Pat Reilly

Personal information
- Full name: Patrick Reilly
- Date of birth: 11 February 1873
- Place of birth: Dundee, Scotland
- Date of death: 6 April 1937 (age 64)
- Place of death: Dundee, Scotland

Managerial career
- Years: Team
- 1909–15: Dundee Hibernian
- 1917–22: Dundee Hibernian

= Pat Reilly =

Scottish football manager (1873-1937)

Patrick Reilly (11 February 1873 – 6 April 1937) was a Scottish football manager, who was the first ever manager of Dundee Hibernian, forerunner of Dundee United.

==Early life and business career==
Reilly was born to Irish parents in Dundee, the eldest of five children. He was a bicycle trader and manufacturer together with his father and his two younger brothers. The family lived in the West End of the city, where Reilly had a cycle shop on Perth Road.

==Career==
He became manager-secretary from the initial forming of Dundee Hibernian in 1909. A two-year spell aside, when he remained club secretary, Reilly was in charge for the first thirteen years of Dundee Hibs' existence, leaving just before the name change to Dundee United.

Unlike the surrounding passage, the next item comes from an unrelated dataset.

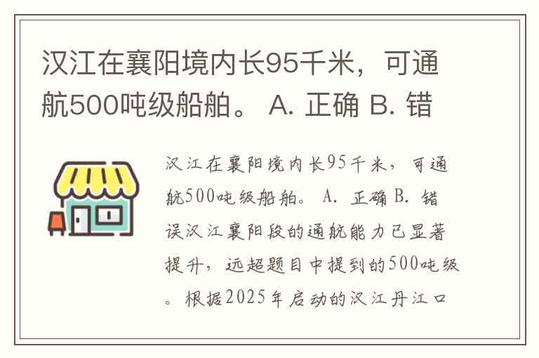 汉江襄阳段的通航能力已显著提升,远超题目中提到的500吨级。根据2025年启动的汉江丹江口至襄阳段整治工程,该段航道全长101公里,按Ⅲ级航道标准建设,完工后可通航1000吨级货船及驳船组成的船队。而襄阳以下的航道通过雅口枢纽二线船闸等工程,通航能力将进一步提升至3000吨级。即使在2023年,汉江襄阳段的通航能力也已达到千吨级,如雅口至上游崔家营段形成了52.67公里的千吨级航道。因此,题目中“可通航500吨级船舶”的说法已不符合当前实际情况,答案为B. 错误。

It is widely acknowledged that Reilly was instrumental in forming the club, and that without him, there would have been no Dundee United.

He donated a bicycle to the player who scored the first goal at Tannadice Park, John O'Hara of Hibernian.

In February 2015 Reilly was inducted into the Dundee United Hall of Fame, the first non-player to be inducted along with manager Jim McLean.